Adsorption BC (sorption-hydromechanical effect)
An additional group of tests was carried out on three specimens (SY2, SY3-2 and SY3-3) with sorbing gas to investigate the effect of swelling on hydromechanical response. It is noted that these three specimens had different fracture porosity (~ 0.3%-0.8%), different mineral contents (~ 2.5%-32%) and different minerals type (clay-rich and calcite-rich) thus a combination of different factors on swelling behaviour was considered. It is well known that carbon has an adsorptive nature and coal shows swelling when exposed to sorbing gas. The specimens were first saturated by helium and then by CO2 and they were scanned in turns at the BCs shown in Fig. 5. As the gas adsorption amount is dependent on the pore pressure, a consistent pore pressure of 2.5 MPa was applied to eliminate the pressure effects. Time (1–2 days) was given to CO2 to saturate the specimen and reached an adsorption equilibrium. Three specimens used in this group and their experimental BCs are presented in Table 6.
Image processing
After performing experiments, the obtained 3D XRCT images were processed and analysed. In this study, the commercial software AVIZO (FEI Group 2013) was used for volume editing, registration, denoising, segmentation, etc. As a first step, the images were denoised using multiple filter, e.g. the non-local means filter was used to replace the grey value of a pixel with an average of the grey values of nearby pixels (Buades et al. 2005; Matsuoka et al. 2017). The images from each set of experiment were then aligned geometrically for registration purpose which can additionally enable investigating variation in the volume of each component. Images were next segmented into three domains of mineral, organic matter and fracture. Segmentation was performed by combined methods of grayscale thresholding, watershed algorithm and magic wand tool (Thermo-Fisher-Scientific 2018). Grayscale thresholding is a simple approach to segment different domains using grayscale values. Watershed is an interactive thresholding which provides a statistical algorithm to assign each pixel to a region or a watershed (Beucher and Meyer 2018; Preim and Botha 2013).
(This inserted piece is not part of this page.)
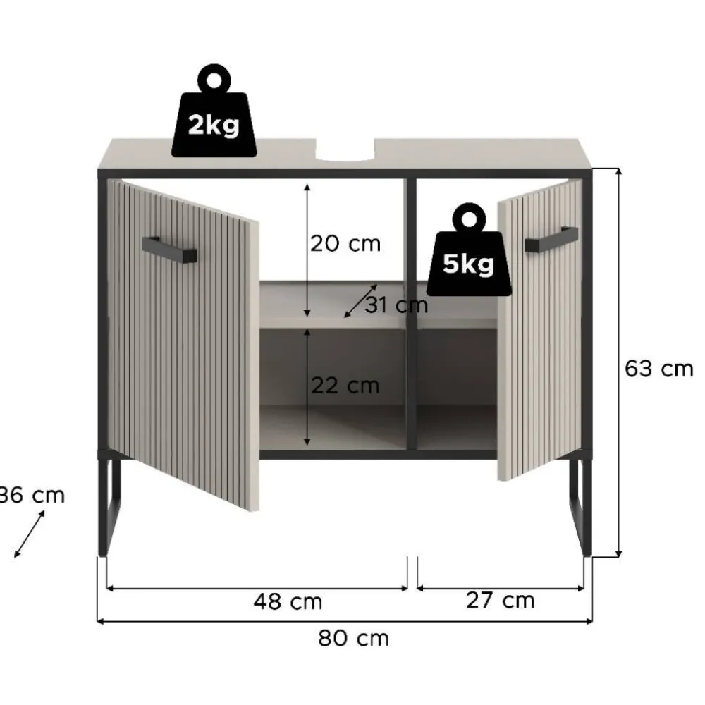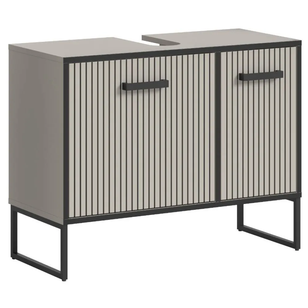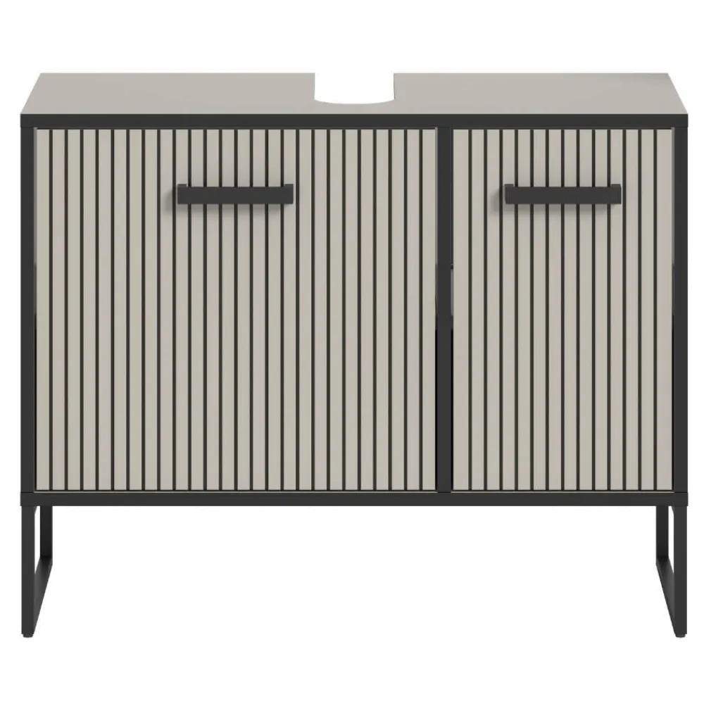 - Trendiger Bad Unterschrank in Hellgrau und Schwarz

Magic wand tool is a quick method to segment irregularly shaped regions based on edges. Suitable application of combined processing methods yields an ideal segmentation. Figure 6 shows typical segmented domains of a coal specimen from a 3D image.
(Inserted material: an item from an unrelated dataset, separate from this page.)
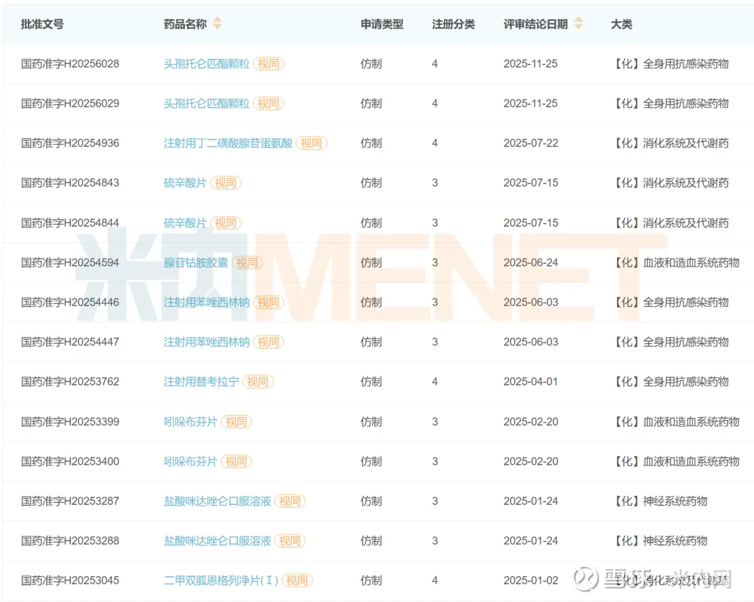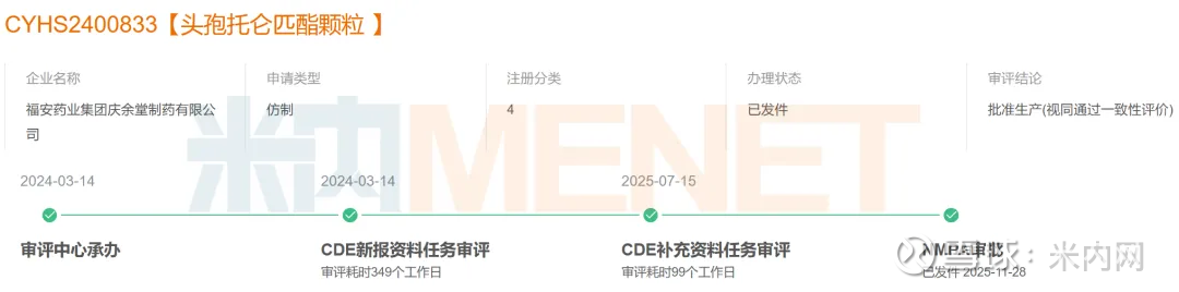 近日,福安药业庆余堂制药申报的4类仿制药头孢托仑匹酯颗粒获批生产,为国内首仿+首家过评。这是一款头孢类抗菌药,2024年在中国三大终端六大市场(统计范围详见本文末)的销售额超过2亿元。

Bulk deformation calculation
To measure the specimen deformation at different BCs, the diameter and length of specimen at the corresponding reconstructed 3D images were measured, as shown schematically in Fig. 7. A pair of tomography images from orthogonal planes were extracted from the 3D image, while the specimen diameter and height were measured from the horizontal (slice A in Fig. 7) and vertical (slice B in Fig. 7) cross sections, respectively. Multiple measurements were performed, and the average value was considered in the analysis. The accuracy of the measurement sits within the obtained image resolution of 12.4 μm.
Validation study
To assess the validity of measured hydromechanical properties from XRCT images, the bulk and solid compressibilities, as well as ESC of the specimens’ category SY3, were measured using conventional triaxial experiments. It is noted that this validation exercise with one specimen is to ensure that the measurements and calculation are of high quality as the accuracy of image-extracted properties including deformation has been already proven (Pone et al. 2010; Salemi et al. 2021; Sufian and Russell 2013; Viggiani and Hall 2008). To do so, we modified the previously in-house designed triaxial cell (Roshan et al. 2019b) to adapt the specimen with a diameter of 0.5 inch (~ 12.5 mm) as shown in Fig. 8. The axial load on the sample was applied through a servo-controlled loading frame with capacity of 500 kN. Axial deformation was measured through the LVDT along the axial direction. Radial deformation was measured using the internal LVDTs. These deformations were logged using a LabView interface and recorded in the computer. A manual pump with hydraulic oil was used for confining pressure and gas cylinder with a regulator for the fluid pressure.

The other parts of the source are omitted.